As cybersecurity professionals milled about the convention floor at the RSA security conference, vendors peddled wares metaphorically doused in machine learning and artificial intelligence. At one booth, a company took that formula for success to its logical end, hiring an actor complete with fake mustache and top-hat to hawk the “extract of AI in a bottle,” an overt snake-oil salesman amidst a sea of plausibly deniable snake-oil salesmen.
From the exposition floor to the panel chambers, there is a pervasive sense that Machine Learning and Artificial Intelligence have moved from useful definition to marketing buzzwords, a way for the process to obscure the result. How to accurately understand the terms, away from metaphorical and literal snake oil pitches, was the focus of a panel this morning. In as much as there is an antidote, the panelists agreed, it is with transparency.
Speaking under the banner of “Age of the Machines in Cyber ― Machine Learning and AI, the Next Frontier” was panel moderator Ira Winkler, president of Secure Mentem. On the panel were Oliver Friedrichs, founder and CEO of Phantom, a security operations company. Next to Friedrichs sat the chief technology officer of cybersecurity company Versive, Dustin Hillard, and rounding out the panel was Ramesh Sepehrrad, VP of technology at Freddie mac, with a focus on risk and resiliency.
Winkler opened the discussion by acknowledging the show floor hype around poorly defined concepts (though he didn’t specifically mention the literal snake-oil pitchman). To cut through the confusion, Winkler instead asked the panel to define “machine learning.” Friedrichs offered a straightforward statement on the process: train an algorithm on items categorized as good or bad, and then let the algorithm sort unlabeled items into those categories based on what it learned. Hillard expanded on this, noting that it can both do classification for binary categories or run regressions if what’s measured is not an on/off trait but a quantity. For Hillard, AI is an umbrella over the machine learning, the process that integrates the data into the system and provides humans with a useful tool to analyze it.
“AI is a foundation, and machine learning sits on top of it,” said Sepehrrad, inverting the definition. Machine learning is processing data, analyzing that data, then processing new data, reinforcing learning all the while. Still, when it comes to communicating these concepts clearly, she noted “We have a language problem.”
Even if a machine learning process is understood within an agency or company, or within the team in a company that developed it, there’s no guarantee that anyone outside that agency knows how it works. For most of us, most of the time, that’s fine; algorithms can function as an opaque black box that eats data and spits out results. But that it makes it very hard to make that data and that process accountable in any way.
Winkler asked the panel how to prevent companies from misusing machine learning. The answer, echoed by the panel, was transparency.
“There was an accord announced earlier this week, setting out rights we should have thought of earlier,” said Sepehrrad, noting that in China we can see the development of AI without the checks of a democratic society. “Do we want a user defined tech experience, or tech define user experience? This isn’t just about getting VC money. This is going to have implications for future generations. We to get a more multidisciplinary village; technology is part of modern life today.”
“Understanding & controlling AI and Machine Learning is about data transparency,” said Hillard, “Most research driven by data set first; transparency into what is available & what is collected & how it is used, lack is vital, and we saw a lack of it in regards to Facebook. Algorithms increase the opacity.”
Friedrichs tied the call for transparency back into one of the big vulnerabilities of machine learning systems, the way that people can feed incorrect data into the process and get the algorithm to accept false results and then produce false results. As one specific example, he cited self-driving cars that could no longer recognize stop signs when the stop signs had sticker on them. Knowing the data enables the people managed the data and the algorithm to spot flaws, and correct them.
“Can you envision real-life skynet? Will machines get autonomous on their own?” Winkler asked the panel, making a hard pivot from commercial accident to the apocalyptic.
“Attackers are using machine learning to to figure out what to attack,” said Friedrichs. Hillard noted that in the financial space, we’ve seen mistakes where trading algorithms rapidly lost large sums of money, based on quirks in the trading algorithm.
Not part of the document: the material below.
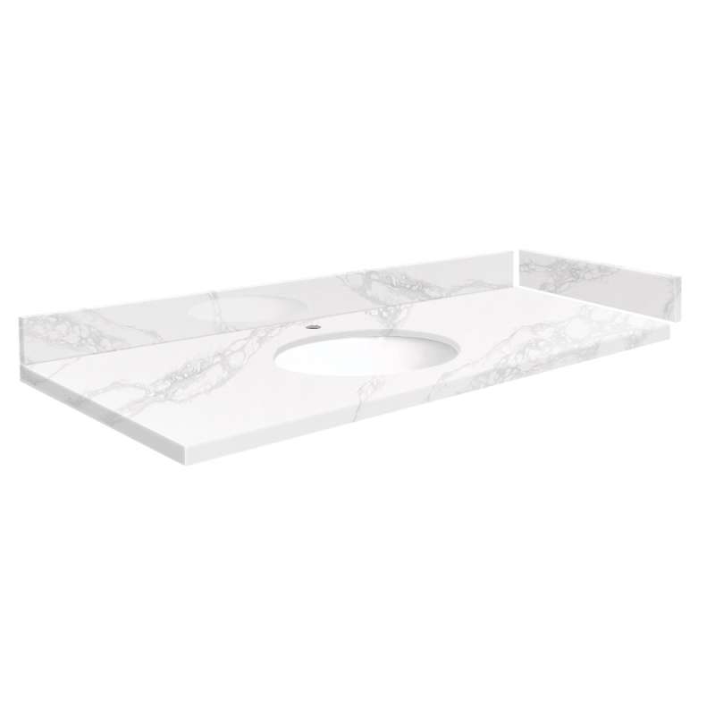 • SMVT49-60.75x22-1MU-M10 Mini Custom Quartz 49-60.75-in x 22-in Vanity Top with Millwood Bowl, White Carrara White Carrara

“There are two ways AI can mess up,” said Hillard, “One is the algorithim is left alone and does as programmed and goofs. The other is that the AI figures something new out.”
Winkler next asked the panel about the possibility of an adversary messing with drones and missiles to change how they work, which Hillard acknowledged as a real possibility, though no one present took the time to dwell on that danger.
“To understand attacks,” Sepehrrad, “think back to what motivates attack, defense, what drives that goal and who is behind the algorithm design and how they designed it.”
“If Skynet is a thing, it’s cybersecurity folk who will invent or create it,” said Winkler.
How can humans build complex machines and then trust that those complex machines will be used responsibility? This isn’t a new problem, though with references to both fictional misuse and the real examples from modern-day technology companies, it appears to be a question the technology security community is at least wrestling with publicly. In as much as there’s an answer, it’s transparency, though that process of transparency will likely have to be politically motivated itself, lest it become just another jar of snake oil.